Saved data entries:
****************
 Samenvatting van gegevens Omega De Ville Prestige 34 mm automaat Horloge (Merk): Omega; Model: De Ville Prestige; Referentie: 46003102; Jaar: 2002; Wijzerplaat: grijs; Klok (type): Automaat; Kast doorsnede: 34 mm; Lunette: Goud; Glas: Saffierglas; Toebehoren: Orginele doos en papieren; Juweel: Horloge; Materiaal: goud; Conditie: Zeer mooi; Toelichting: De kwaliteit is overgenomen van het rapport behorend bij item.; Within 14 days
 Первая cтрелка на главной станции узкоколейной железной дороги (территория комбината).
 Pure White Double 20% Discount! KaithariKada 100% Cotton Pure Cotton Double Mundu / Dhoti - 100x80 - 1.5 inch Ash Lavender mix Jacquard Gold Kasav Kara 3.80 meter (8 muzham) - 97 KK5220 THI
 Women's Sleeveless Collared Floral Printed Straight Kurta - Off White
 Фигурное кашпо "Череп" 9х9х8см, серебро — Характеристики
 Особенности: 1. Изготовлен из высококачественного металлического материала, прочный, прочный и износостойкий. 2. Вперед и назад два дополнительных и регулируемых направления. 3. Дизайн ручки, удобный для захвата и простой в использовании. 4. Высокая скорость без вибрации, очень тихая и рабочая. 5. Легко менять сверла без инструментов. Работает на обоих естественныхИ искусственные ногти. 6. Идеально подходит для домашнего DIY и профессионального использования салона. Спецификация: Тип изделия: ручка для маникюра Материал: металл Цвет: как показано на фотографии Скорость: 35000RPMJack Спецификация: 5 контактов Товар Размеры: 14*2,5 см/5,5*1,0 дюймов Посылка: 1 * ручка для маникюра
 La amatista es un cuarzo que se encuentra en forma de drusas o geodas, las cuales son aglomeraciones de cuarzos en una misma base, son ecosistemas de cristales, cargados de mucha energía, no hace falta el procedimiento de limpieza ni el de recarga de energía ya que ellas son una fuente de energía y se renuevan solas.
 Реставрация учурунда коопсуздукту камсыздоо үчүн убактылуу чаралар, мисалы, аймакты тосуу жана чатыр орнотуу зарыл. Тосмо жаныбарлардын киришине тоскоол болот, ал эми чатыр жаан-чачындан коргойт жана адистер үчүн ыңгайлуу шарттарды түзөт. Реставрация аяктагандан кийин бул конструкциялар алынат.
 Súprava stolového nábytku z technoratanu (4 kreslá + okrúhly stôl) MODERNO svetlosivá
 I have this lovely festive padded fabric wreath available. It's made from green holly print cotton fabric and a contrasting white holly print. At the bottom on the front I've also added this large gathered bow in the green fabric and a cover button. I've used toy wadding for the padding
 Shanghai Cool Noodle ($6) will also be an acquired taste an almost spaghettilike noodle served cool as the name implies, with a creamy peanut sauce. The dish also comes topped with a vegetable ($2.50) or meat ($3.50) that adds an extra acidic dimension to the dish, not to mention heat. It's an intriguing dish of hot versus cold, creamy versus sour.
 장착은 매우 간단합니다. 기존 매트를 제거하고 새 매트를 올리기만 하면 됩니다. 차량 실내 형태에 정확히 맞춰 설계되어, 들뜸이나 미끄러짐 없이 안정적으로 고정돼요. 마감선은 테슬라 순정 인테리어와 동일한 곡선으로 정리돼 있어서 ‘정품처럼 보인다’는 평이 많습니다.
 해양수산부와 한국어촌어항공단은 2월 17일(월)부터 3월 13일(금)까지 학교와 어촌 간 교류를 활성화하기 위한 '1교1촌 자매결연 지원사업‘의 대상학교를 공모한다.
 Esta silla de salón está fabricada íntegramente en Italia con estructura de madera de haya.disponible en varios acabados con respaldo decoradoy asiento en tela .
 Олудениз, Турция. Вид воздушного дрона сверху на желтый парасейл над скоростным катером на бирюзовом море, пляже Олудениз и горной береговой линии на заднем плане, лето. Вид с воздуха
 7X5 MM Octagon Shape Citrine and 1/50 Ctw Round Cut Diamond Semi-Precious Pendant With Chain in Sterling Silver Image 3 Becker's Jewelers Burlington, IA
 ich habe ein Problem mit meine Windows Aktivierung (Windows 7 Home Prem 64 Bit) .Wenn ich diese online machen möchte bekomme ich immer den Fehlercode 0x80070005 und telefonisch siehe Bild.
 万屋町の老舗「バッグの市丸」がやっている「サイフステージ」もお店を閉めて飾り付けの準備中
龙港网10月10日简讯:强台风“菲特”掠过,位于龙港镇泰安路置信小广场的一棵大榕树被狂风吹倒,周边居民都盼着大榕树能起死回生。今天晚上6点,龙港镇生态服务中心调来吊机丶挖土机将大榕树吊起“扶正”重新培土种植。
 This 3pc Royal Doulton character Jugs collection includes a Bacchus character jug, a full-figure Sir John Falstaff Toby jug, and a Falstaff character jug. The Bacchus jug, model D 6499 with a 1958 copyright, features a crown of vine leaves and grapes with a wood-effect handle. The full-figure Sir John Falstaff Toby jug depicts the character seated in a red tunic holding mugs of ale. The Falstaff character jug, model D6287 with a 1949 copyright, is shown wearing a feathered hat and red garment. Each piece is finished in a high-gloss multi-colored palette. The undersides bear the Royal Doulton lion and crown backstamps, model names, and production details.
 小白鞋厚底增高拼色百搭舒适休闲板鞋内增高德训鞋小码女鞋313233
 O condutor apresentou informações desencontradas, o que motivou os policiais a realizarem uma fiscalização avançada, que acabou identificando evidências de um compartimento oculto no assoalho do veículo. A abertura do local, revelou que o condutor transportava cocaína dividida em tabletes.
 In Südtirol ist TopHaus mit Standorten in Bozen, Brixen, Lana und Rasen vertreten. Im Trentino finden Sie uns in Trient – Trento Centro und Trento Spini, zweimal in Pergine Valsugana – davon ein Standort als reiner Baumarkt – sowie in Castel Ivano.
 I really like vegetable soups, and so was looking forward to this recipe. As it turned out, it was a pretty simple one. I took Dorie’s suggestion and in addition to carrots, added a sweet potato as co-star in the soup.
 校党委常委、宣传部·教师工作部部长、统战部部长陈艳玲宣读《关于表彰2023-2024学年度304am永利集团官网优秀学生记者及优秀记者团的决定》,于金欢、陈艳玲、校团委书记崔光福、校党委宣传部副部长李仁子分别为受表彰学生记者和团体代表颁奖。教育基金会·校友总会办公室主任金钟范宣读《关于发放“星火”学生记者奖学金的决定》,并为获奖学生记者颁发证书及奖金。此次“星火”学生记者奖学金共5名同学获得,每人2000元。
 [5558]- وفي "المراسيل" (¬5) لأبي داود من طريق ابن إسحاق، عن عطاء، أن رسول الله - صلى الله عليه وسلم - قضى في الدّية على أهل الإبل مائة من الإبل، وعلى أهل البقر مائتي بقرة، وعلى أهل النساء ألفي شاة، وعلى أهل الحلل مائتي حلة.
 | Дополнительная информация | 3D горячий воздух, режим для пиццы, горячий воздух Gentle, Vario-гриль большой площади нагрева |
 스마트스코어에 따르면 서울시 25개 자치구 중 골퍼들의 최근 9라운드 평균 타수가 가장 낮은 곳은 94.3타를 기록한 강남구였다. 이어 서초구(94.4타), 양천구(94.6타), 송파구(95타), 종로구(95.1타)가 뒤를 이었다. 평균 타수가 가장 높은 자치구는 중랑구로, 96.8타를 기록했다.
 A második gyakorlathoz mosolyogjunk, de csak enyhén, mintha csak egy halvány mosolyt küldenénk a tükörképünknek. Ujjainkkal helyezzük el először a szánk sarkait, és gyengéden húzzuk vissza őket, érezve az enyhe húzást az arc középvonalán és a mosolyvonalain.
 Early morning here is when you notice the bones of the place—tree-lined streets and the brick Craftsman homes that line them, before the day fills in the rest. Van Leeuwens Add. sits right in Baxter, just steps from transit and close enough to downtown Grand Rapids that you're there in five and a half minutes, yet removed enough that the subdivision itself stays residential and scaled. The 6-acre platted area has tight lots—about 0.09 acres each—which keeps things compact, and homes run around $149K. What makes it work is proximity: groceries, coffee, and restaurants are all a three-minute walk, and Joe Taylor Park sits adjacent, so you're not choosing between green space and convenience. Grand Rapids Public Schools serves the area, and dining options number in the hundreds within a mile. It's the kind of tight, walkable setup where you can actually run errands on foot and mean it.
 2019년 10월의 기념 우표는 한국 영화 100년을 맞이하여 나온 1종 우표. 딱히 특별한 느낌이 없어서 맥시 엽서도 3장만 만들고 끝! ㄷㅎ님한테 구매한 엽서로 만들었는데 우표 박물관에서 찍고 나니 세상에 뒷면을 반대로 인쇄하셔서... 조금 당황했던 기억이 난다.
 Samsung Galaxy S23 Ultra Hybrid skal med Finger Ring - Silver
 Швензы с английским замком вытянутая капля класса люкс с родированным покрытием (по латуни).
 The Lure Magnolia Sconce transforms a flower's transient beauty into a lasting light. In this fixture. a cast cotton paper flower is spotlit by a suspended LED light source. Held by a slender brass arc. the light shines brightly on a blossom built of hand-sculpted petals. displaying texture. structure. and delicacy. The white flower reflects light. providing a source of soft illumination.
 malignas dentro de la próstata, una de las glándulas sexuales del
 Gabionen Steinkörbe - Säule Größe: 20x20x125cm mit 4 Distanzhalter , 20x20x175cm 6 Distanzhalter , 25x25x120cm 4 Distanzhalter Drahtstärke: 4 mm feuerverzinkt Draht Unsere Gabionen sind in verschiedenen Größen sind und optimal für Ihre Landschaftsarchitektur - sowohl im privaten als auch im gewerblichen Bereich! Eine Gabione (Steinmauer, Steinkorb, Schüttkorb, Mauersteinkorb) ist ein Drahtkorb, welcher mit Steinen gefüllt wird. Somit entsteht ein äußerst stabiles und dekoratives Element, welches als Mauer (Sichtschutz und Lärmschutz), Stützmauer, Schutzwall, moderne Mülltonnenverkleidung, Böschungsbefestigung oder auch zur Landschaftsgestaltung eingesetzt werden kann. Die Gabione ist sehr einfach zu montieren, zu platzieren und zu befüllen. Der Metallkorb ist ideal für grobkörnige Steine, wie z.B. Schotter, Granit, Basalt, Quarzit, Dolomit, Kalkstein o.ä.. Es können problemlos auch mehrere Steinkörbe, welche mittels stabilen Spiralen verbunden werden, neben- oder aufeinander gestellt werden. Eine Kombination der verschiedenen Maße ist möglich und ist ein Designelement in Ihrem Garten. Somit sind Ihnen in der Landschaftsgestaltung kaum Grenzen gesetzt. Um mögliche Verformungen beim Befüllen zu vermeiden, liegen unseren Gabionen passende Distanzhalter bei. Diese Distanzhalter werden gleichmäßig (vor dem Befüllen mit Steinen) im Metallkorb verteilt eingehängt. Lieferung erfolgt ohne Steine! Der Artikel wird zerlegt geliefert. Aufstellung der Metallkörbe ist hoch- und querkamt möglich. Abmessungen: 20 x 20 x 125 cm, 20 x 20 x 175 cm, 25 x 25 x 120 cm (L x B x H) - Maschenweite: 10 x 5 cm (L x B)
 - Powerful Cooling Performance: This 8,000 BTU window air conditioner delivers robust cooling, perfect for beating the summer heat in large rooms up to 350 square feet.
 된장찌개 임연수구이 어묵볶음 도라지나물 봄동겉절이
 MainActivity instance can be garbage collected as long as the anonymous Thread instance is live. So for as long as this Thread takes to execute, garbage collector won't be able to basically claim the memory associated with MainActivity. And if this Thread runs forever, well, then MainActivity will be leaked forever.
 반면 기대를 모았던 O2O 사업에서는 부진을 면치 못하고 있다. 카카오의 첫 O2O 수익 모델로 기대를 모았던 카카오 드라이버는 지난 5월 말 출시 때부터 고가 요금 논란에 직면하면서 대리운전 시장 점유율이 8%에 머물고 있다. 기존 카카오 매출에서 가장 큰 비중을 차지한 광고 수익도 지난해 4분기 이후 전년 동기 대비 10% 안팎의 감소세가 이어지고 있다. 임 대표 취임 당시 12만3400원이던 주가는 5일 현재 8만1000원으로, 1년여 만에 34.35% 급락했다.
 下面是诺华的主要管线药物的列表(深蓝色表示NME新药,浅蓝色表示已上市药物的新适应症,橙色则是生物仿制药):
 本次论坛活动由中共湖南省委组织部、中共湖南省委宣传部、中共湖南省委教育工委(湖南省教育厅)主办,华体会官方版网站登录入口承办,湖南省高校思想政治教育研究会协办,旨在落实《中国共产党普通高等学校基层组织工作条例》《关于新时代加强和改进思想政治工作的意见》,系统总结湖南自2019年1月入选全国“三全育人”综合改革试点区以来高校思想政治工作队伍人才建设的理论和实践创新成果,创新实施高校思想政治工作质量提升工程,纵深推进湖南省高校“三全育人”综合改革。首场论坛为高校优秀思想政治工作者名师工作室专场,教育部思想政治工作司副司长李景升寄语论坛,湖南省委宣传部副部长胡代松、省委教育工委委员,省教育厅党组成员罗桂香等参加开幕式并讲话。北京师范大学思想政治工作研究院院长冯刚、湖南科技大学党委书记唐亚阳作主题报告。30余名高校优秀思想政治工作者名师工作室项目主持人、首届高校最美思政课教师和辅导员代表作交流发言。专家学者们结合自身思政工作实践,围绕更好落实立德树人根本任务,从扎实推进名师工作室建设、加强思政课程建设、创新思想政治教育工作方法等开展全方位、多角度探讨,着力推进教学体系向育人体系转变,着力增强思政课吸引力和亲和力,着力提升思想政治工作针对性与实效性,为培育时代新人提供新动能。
****************
• [Exercise description]: Once the line containing "La amatista es" has been written out, please stop; every line before it, back to the first line of the records above, should be given exactly.

• [Exercise output]:
 Samenvatting van gegevens Omega De Ville Prestige 34 mm automaat Horloge (Merk): Omega; Model: De Ville Prestige; Referentie: 46003102; Jaar: 2002; Wijzerplaat: grijs; Klok (type): Automaat; Kast doorsnede: 34 mm; Lunette: Goud; Glas: Saffierglas; Toebehoren: Orginele doos en papieren; Juweel: Horloge; Materiaal: goud; Conditie: Zeer mooi; Toelichting: De kwaliteit is overgenomen van het rapport behorend bij item.; Within 14 days
 Первая cтрелка на главной станции узкоколейной железной дороги (территория комбината).
 Pure White Double 20% Discount! KaithariKada 100% Cotton Pure Cotton Double Mundu / Dhoti - 100x80 - 1.5 inch Ash Lavender mix Jacquard Gold Kasav Kara 3.80 meter (8 muzham) - 97 KK5220 THI
 Women's Sleeveless Collared Floral Printed Straight Kurta - Off White
 Фигурное кашпо "Череп" 9х9х8см, серебро — Характеристики
 Особенности: 1. Изготовлен из высококачественного металлического материала, прочный, прочный и износостойкий. 2. Вперед и назад два дополнительных и регулируемых направления. 3. Дизайн ручки, удобный для захвата и простой в использовании. 4. Высокая скорость без вибрации, очень тихая и рабочая. 5. Легко менять сверла без инструментов. Работает на обоих естественныхИ искусственные ногти. 6. Идеально подходит для домашнего DIY и профессионального использования салона. Спецификация: Тип изделия: ручка для маникюра Материал: металл Цвет: как показано на фотографии Скорость: 35000RPMJack Спецификация: 5 контактов Товар Размеры: 14*2,5 см/5,5*1,0 дюймов Посылка: 1 * ручка для маникюра
 La amatista es un cuarzo que se encuentra en forma de drusas o geodas, las cuales son aglomeraciones de cuarzos en una misma base, son ecosistemas de cristales, cargados de mucha energía, no hace falta el procedimiento de limpieza ni el de recarga de energía ya que ellas son una fuente de energía y se renuevan solas.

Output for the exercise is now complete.